[[ DATA LISTING open ]]

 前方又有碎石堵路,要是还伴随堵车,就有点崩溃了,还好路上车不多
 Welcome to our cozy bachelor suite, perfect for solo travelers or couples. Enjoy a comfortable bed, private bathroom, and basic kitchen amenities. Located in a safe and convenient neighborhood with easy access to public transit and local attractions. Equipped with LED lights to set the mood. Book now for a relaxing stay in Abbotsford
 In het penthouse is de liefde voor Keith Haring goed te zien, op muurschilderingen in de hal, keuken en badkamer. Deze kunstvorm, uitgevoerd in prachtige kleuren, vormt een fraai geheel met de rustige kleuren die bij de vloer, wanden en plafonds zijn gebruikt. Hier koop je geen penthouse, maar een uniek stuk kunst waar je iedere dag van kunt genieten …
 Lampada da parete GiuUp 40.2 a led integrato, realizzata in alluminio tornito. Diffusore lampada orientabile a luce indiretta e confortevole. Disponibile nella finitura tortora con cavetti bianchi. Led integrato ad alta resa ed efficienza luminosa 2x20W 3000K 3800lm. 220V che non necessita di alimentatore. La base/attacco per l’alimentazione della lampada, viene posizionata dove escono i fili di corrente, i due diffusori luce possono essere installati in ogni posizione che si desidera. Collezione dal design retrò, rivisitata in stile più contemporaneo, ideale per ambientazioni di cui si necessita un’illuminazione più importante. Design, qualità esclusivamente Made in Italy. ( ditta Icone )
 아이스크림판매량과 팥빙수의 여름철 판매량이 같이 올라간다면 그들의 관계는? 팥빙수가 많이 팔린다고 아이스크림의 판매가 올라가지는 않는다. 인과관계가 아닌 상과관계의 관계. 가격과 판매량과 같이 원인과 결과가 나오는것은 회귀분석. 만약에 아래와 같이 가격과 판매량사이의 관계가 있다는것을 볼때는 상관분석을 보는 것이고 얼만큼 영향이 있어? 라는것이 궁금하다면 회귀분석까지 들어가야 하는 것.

[[ DATA LISTING closed ]]
[[ DATA LISTING open ]]

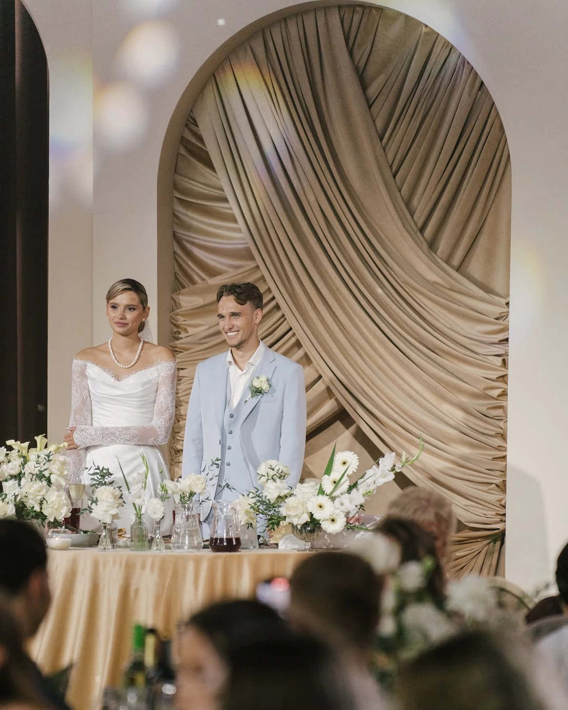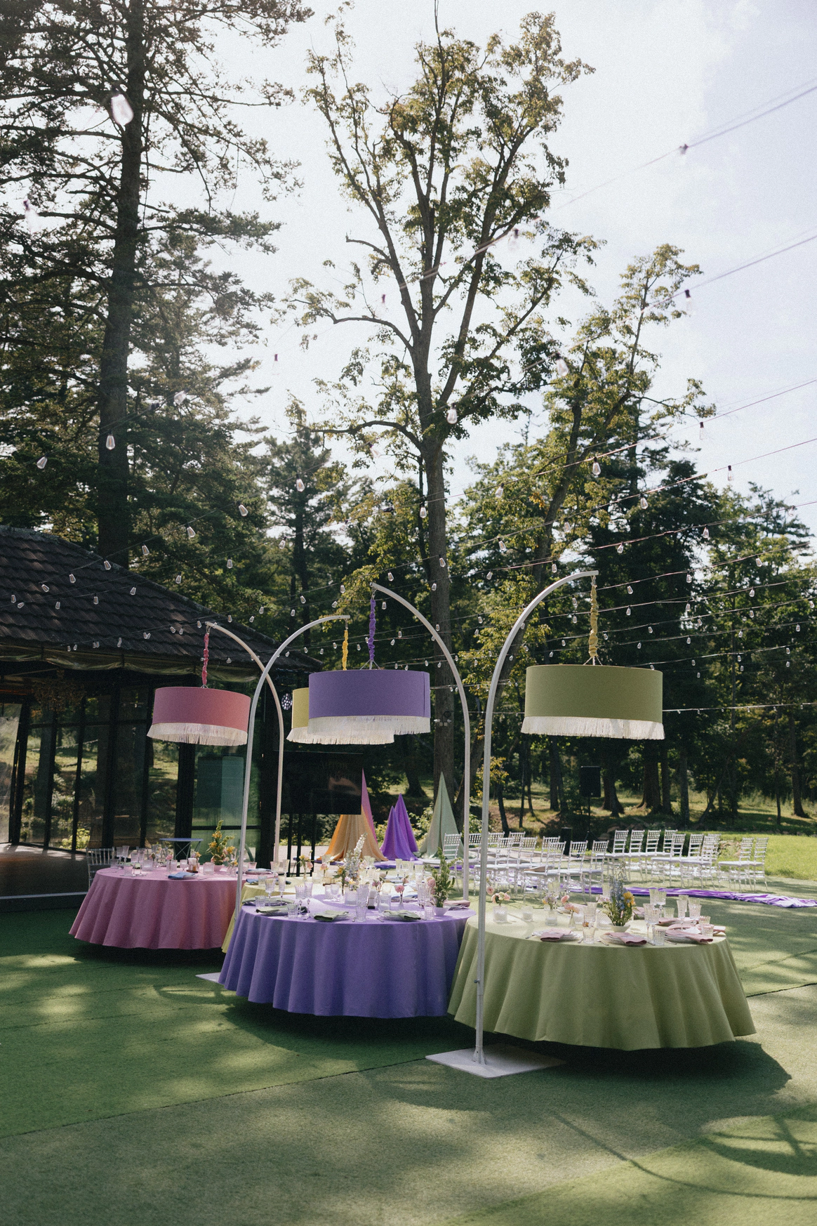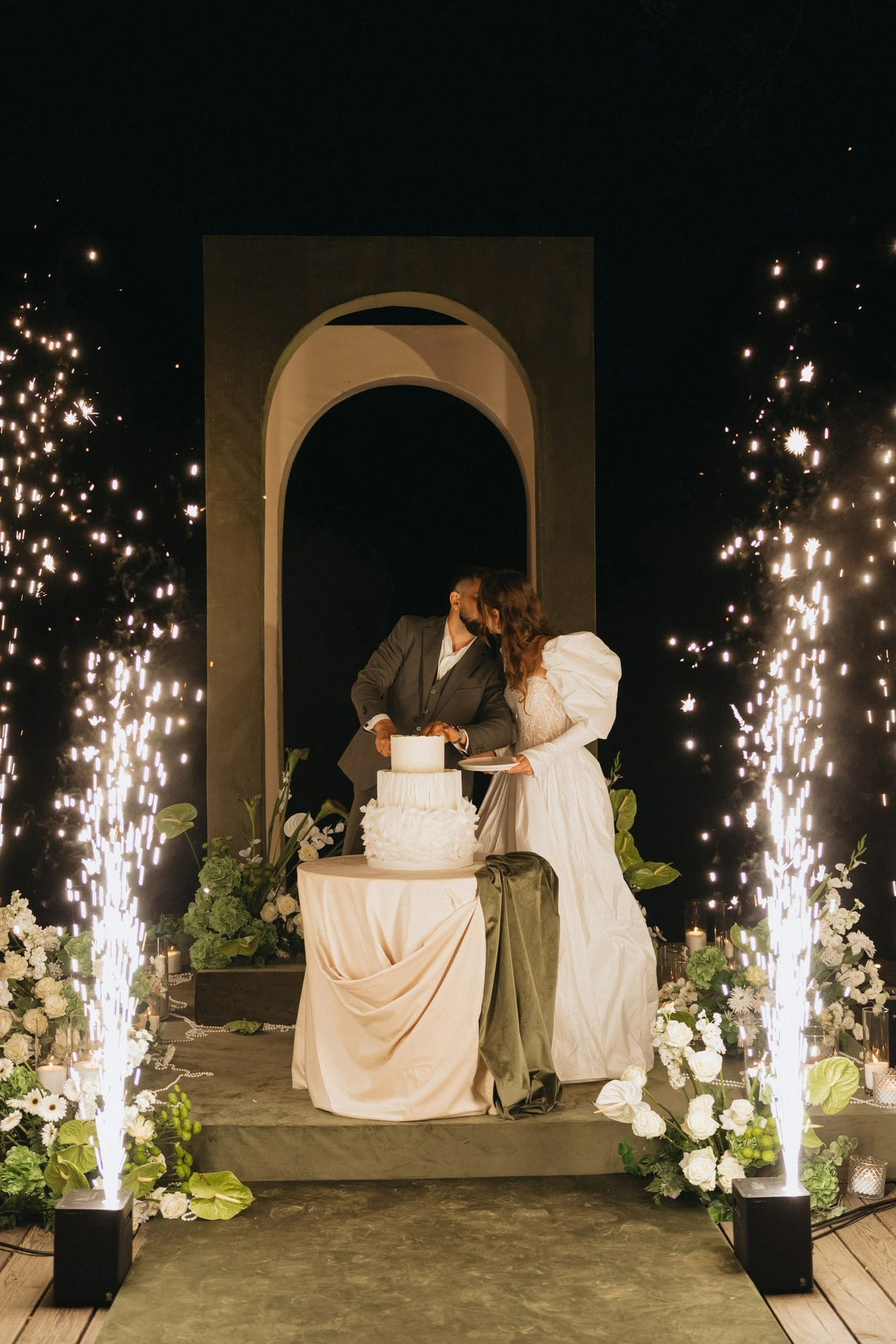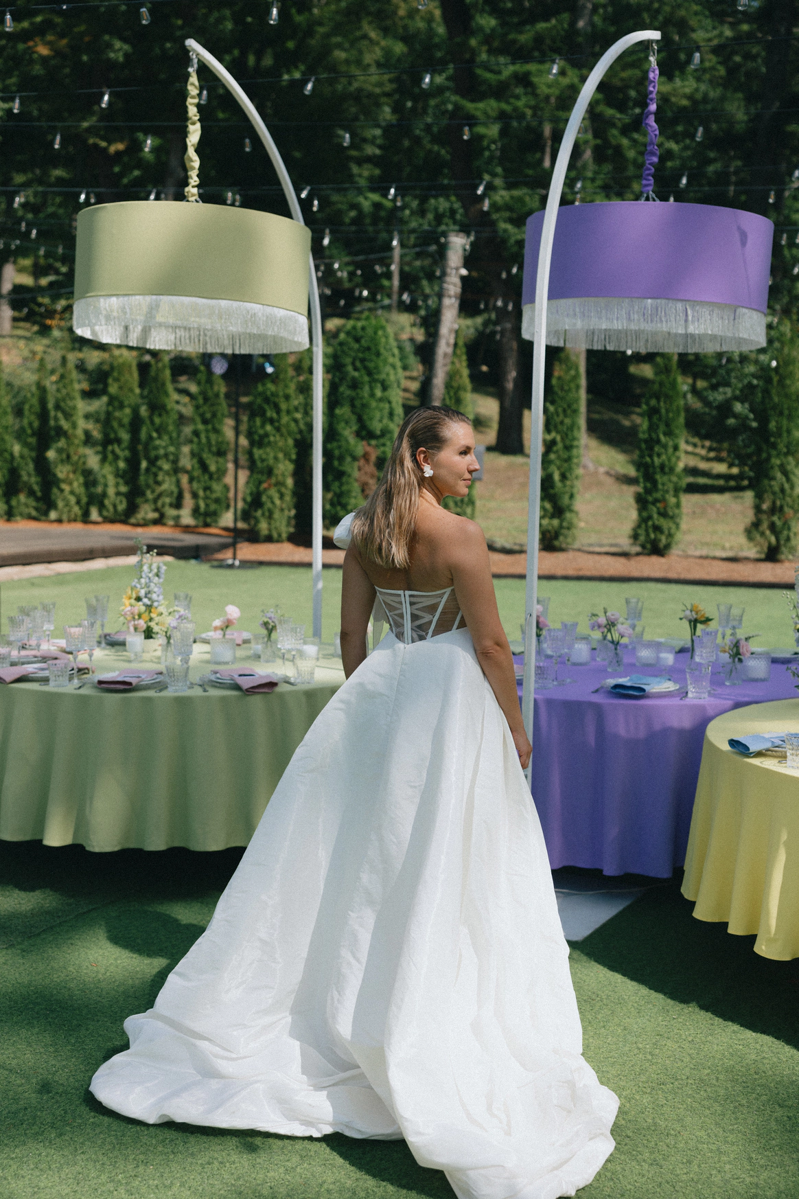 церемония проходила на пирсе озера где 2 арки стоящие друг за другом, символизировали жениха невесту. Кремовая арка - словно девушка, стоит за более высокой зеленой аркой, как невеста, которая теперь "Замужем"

[[ DATA LISTING closed ]]
[[ DATA LISTING open ]]

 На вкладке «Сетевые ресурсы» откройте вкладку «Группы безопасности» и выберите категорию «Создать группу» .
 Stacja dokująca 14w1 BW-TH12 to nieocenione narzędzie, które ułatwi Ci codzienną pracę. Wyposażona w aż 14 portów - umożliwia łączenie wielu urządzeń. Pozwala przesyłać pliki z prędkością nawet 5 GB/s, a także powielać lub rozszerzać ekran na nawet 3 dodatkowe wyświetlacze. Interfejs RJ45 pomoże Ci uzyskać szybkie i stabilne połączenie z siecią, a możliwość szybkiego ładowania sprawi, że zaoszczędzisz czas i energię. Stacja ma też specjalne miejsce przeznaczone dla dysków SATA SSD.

[[ DATA LISTING closed ]]

Produce only the lines from the line containing "前方又有碎石堵路,要是还伴随堵车,就有点崩溃了,还好路上车不多" through the line containing "In het penthouse", inclusive of both, exactly as they stand in the entries above.

* _ANSWER TO THIS EXERCISE_:
 前方又有碎石堵路,要是还伴随堵车,就有点崩溃了,还好路上车不多
 Welcome to our cozy bachelor suite, perfect for solo travelers or couples. Enjoy a comfortable bed, private bathroom, and basic kitchen amenities. Located in a safe and convenient neighborhood with easy access to public transit and local attractions. Equipped with LED lights to set the mood. Book now for a relaxing stay in Abbotsford
 In het penthouse is de liefde voor Keith Haring goed te zien, op muurschilderingen in de hal, keuken en badkamer. Deze kunstvorm, uitgevoerd in prachtige kleuren, vormt een fraai geheel met de rustige kleuren die bij de vloer, wanden en plafonds zijn gebruikt. Hier koop je geen penthouse, maar een uniek stuk kunst waar je iedere dag van kunt genieten …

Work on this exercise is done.